**INSTRUCTIONS FOR THE TASK:** Copy nothing but the lines below, from the one with "Explore what life" through the one with "Theater an der", exactly as written; no pictures should appear.
DATA SUPPLIED section start
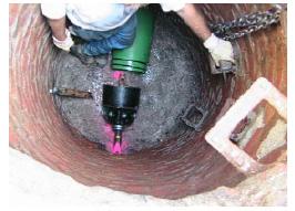 Manhole bursting rigs, already known from static pipe bursting, operate with pulling forces between 200 and 400 KN (45,000 – 90,000 lbs), depending on pipe size and also use QuickLock rods. The rig can be used for bursting as well as calibre pipe bursting and the Tight-In-Pipe method.
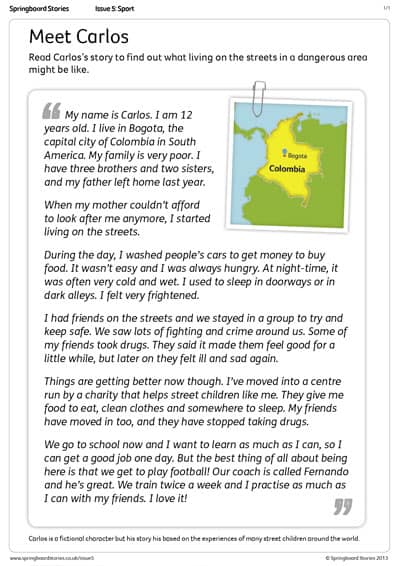 Explore what life is like for street children around the world and look at how the beautiful game is giving new hope to children such as Carlos. Encourage the children to compare Carlos's life with their own. Though there are many differences children will recognise his hopes and fears which are probably much like their own.
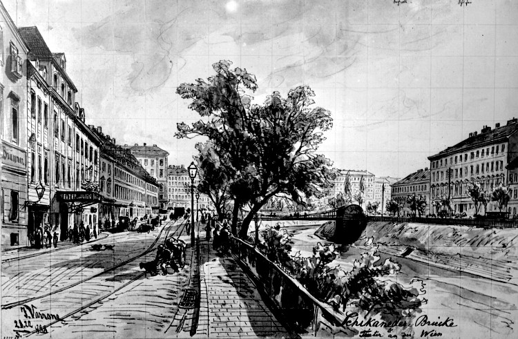 Theater an der Wien mit Wienfluss und Schikanederbrücke 1888 / Alter Stich von Jan Varrone © Votava
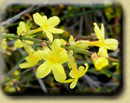 Straff aufrechte, rotbraune Zweige, Blüten in 3 - 5 cm langen, dichten Rispen, Jänner bis März. Duftend. | ||
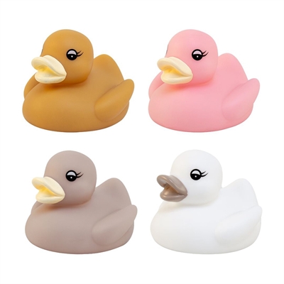 Dette sæt af 4 søde badeænder er helt perfekt til leg i badekaret, men de kan også bruges i almindelig leg, både uden- og indenfor. De 4 ænder har hver deres fine farve. Ænderne er produceret uden huller, så der ikke kan komme vand ind i dem. Dette forhindre spredning og opbygning af bakterier indeni ænderne, så dit barns bade forbliver rene og bekymringsfrie.
DATA SUPPLIED section end
**SOLUTION TO THE EXERCISE:**
 Explore what life is like for street children around the world and look at how the beautiful game is giving new hope to children such as Carlos. Encourage the children to compare Carlos's life with their own. Though there are many differences children will recognise his hopes and fears which are probably much like their own.
 Theater an der Wien mit Wienfluss und Schikanederbrücke 1888 / Alter Stich von Jan Varrone © Votava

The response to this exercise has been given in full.